(Requirement):
Having located the line with "Healthcare organizations and", repeat it and all remaining lines of the records exactly. Pictures do not belong in the answer.

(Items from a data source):
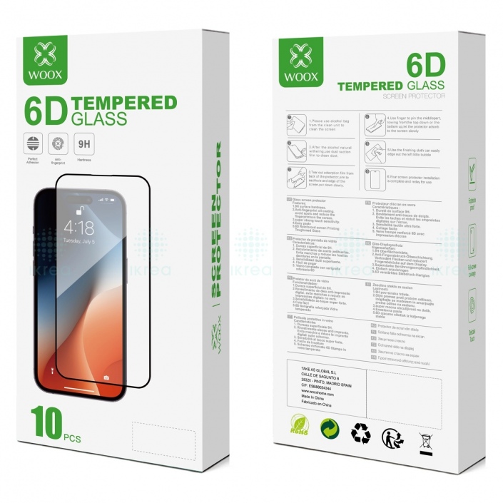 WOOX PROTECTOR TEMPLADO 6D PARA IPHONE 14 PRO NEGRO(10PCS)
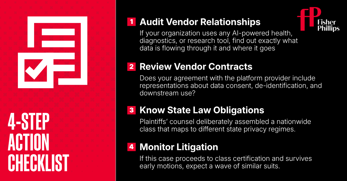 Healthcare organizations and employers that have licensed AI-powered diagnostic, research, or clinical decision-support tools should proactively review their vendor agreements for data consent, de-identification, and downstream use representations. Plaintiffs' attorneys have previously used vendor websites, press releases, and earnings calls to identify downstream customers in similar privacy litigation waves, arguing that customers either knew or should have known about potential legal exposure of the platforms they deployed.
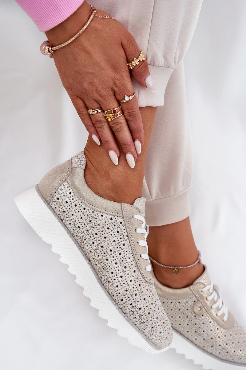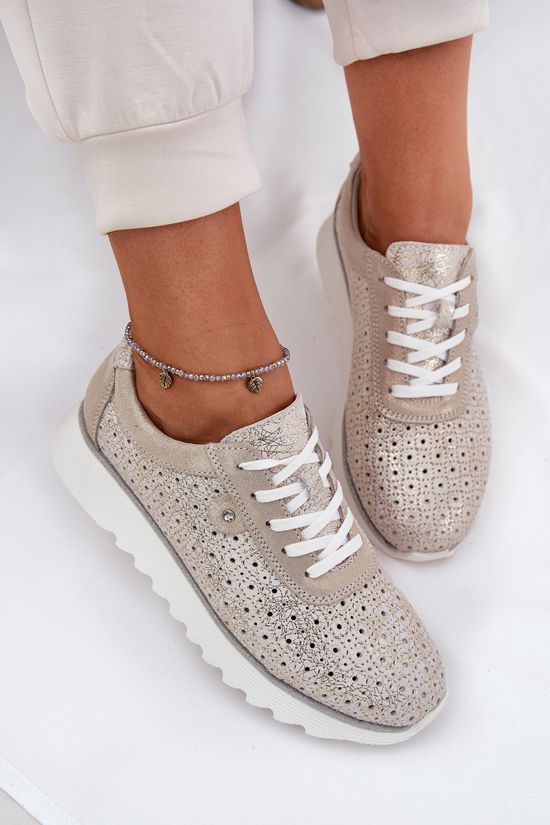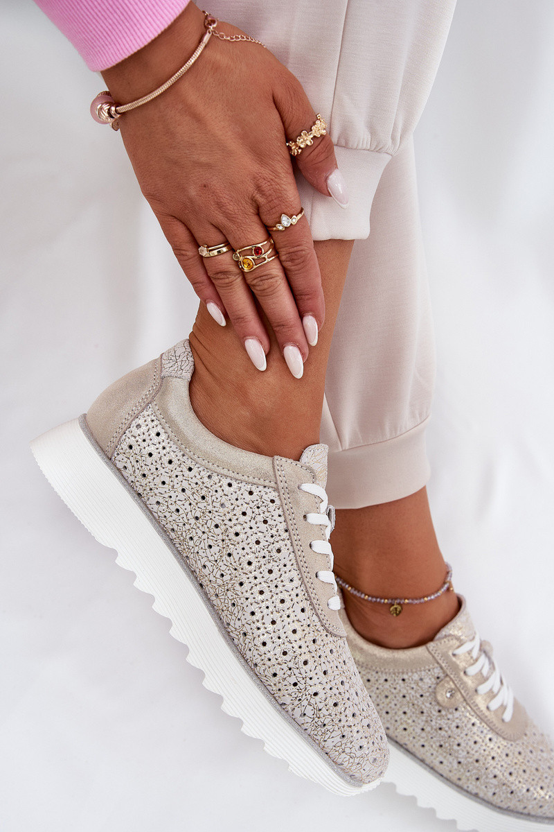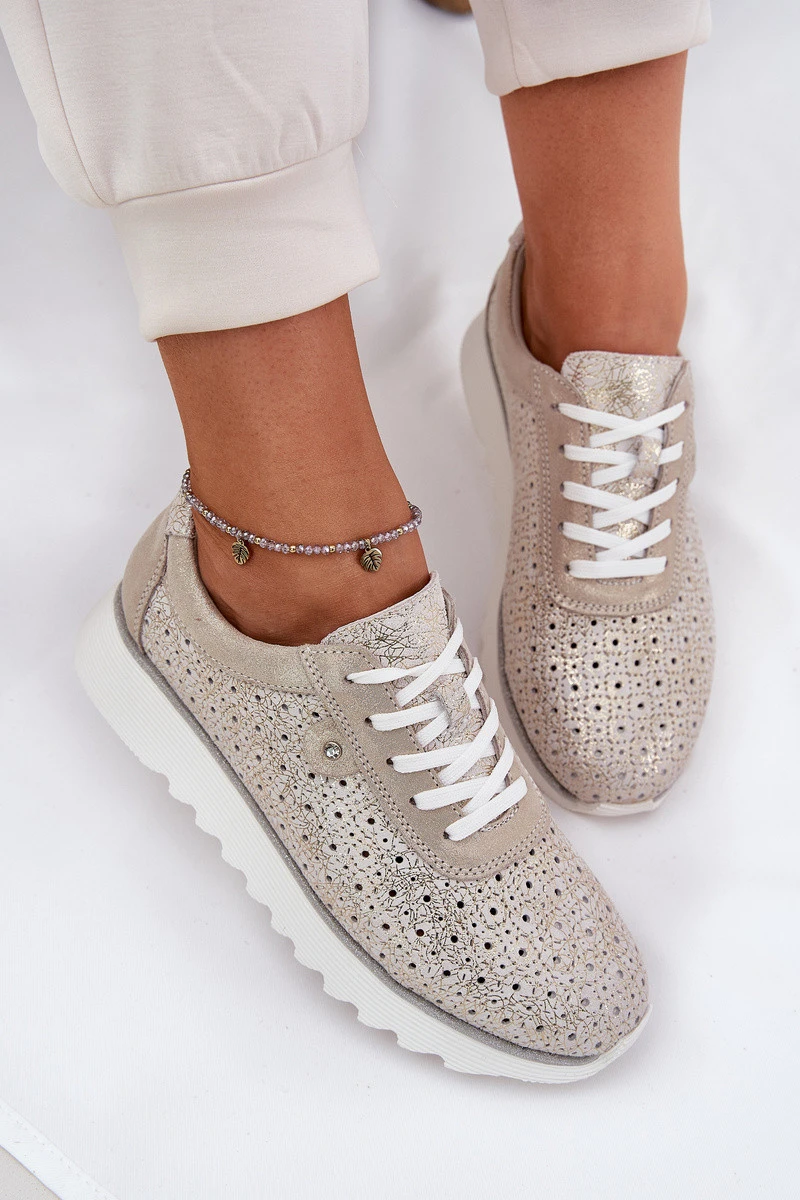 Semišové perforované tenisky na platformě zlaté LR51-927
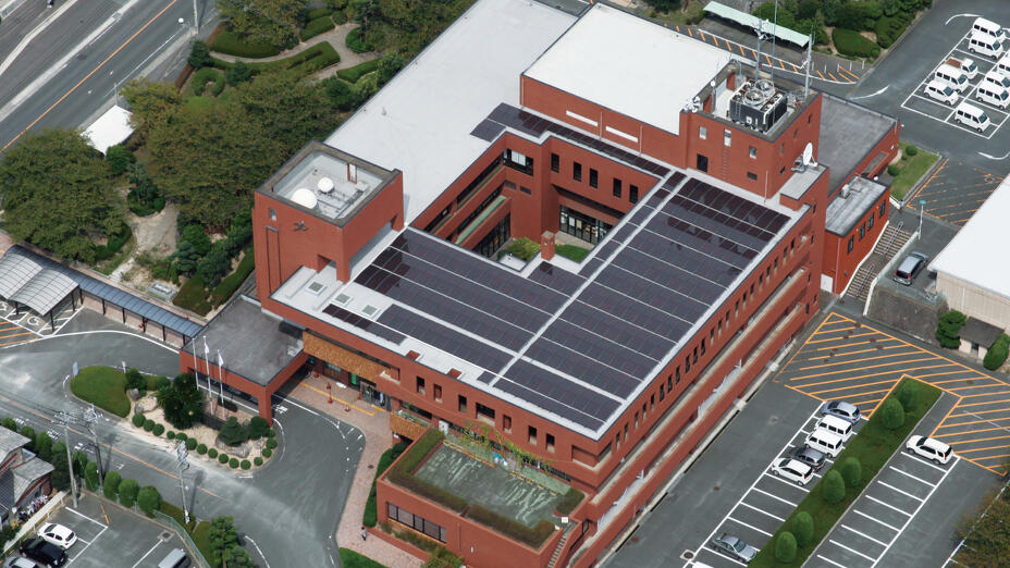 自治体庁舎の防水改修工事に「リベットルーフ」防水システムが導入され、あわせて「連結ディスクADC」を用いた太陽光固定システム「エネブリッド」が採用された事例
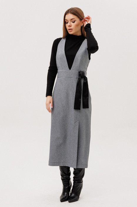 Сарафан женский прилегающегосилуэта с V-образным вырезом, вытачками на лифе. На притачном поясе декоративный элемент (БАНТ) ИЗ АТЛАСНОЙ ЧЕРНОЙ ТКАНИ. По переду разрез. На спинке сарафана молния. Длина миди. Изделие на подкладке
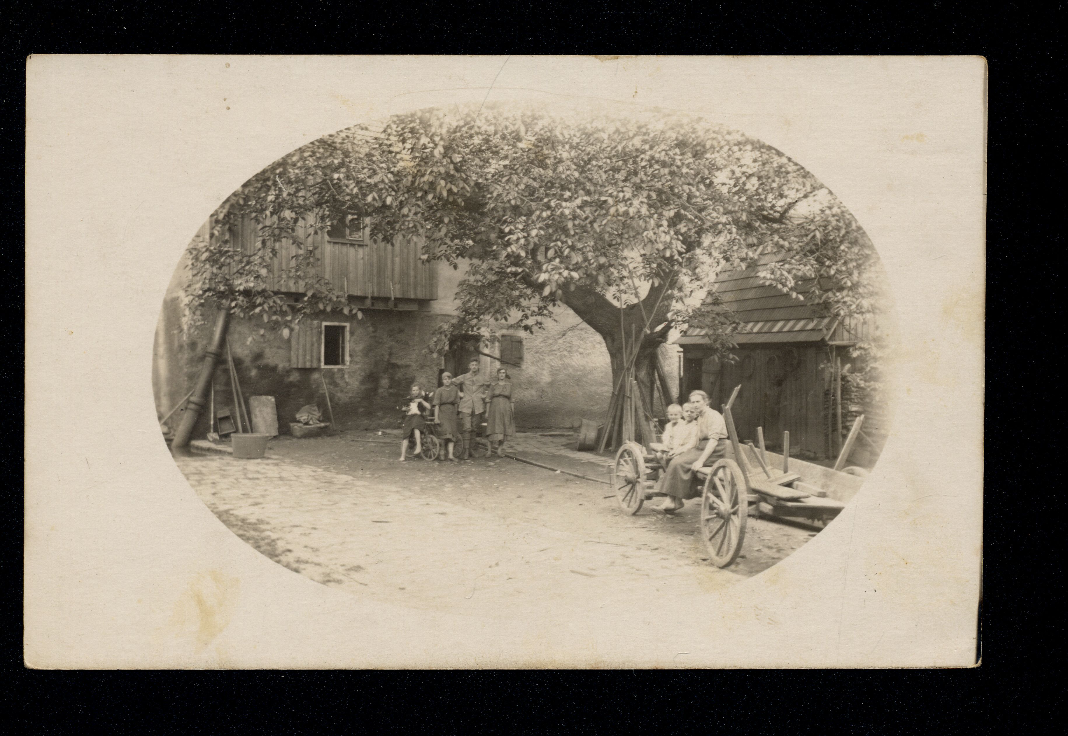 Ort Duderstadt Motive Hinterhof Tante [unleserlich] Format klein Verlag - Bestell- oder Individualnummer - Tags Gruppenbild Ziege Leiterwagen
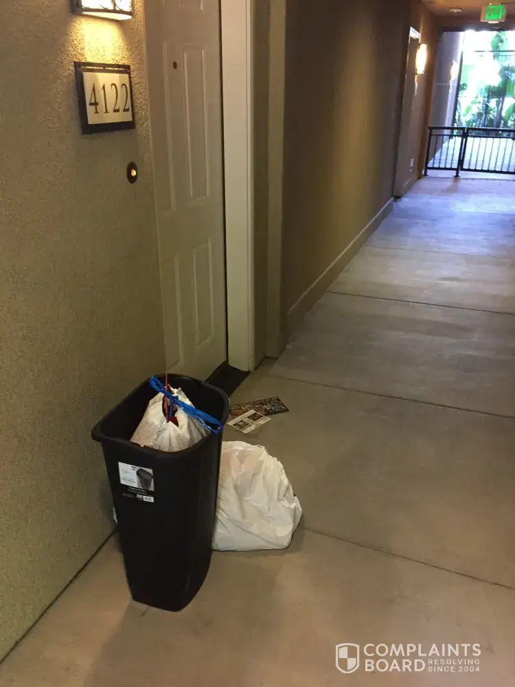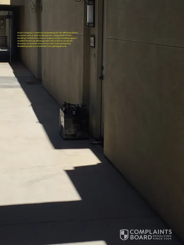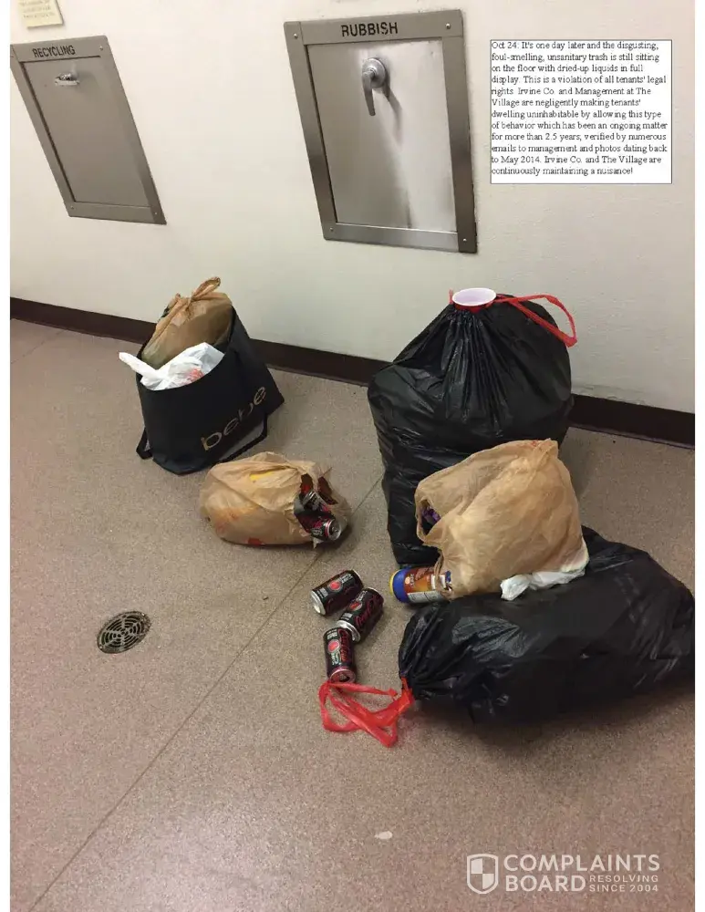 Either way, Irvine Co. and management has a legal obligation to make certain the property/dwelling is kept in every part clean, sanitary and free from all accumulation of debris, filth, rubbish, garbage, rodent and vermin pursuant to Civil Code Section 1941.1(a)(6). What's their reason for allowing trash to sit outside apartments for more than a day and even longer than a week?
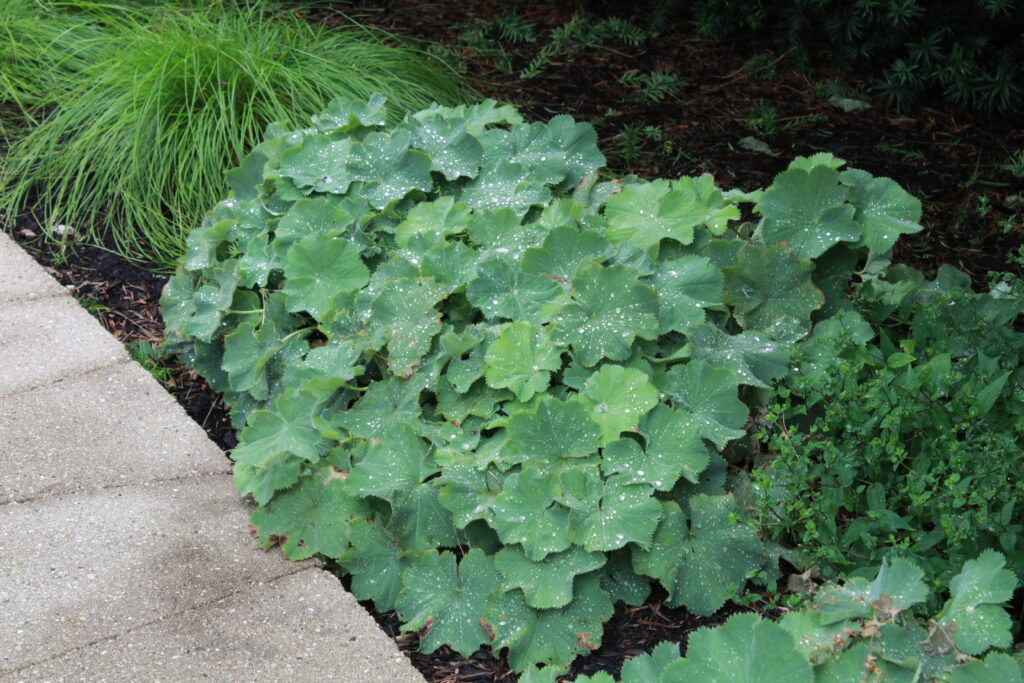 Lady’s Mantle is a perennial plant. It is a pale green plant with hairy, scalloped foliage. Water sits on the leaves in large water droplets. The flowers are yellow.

(Answer for the task):
 Healthcare organizations and employers that have licensed AI-powered diagnostic, research, or clinical decision-support tools should proactively review their vendor agreements for data consent, de-identification, and downstream use representations. Plaintiffs' attorneys have previously used vendor websites, press releases, and earnings calls to identify downstream customers in similar privacy litigation waves, arguing that customers either knew or should have known about potential legal exposure of the platforms they deployed.
 Semišové perforované tenisky na platformě zlaté LR51-927
 自治体庁舎の防水改修工事に「リベットルーフ」防水システムが導入され、あわせて「連結ディスクADC」を用いた太陽光固定システム「エネブリッド」が採用された事例
 Сарафан женский прилегающегосилуэта с V-образным вырезом, вытачками на лифе. На притачном поясе декоративный элемент (БАНТ) ИЗ АТЛАСНОЙ ЧЕРНОЙ ТКАНИ. По переду разрез. На спинке сарафана молния. Длина миди. Изделие на подкладке
 Ort Duderstadt Motive Hinterhof Tante [unleserlich] Format klein Verlag - Bestell- oder Individualnummer - Tags Gruppenbild Ziege Leiterwagen
 Either way, Irvine Co. and management has a legal obligation to make certain the property/dwelling is kept in every part clean, sanitary and free from all accumulation of debris, filth, rubbish, garbage, rodent and vermin pursuant to Civil Code Section 1941.1(a)(6). What's their reason for allowing trash to sit outside apartments for more than a day and even longer than a week?
 Lady’s Mantle is a perennial plant. It is a pale green plant with hairy, scalloped foliage. Water sits on the leaves in large water droplets. The flowers are yellow.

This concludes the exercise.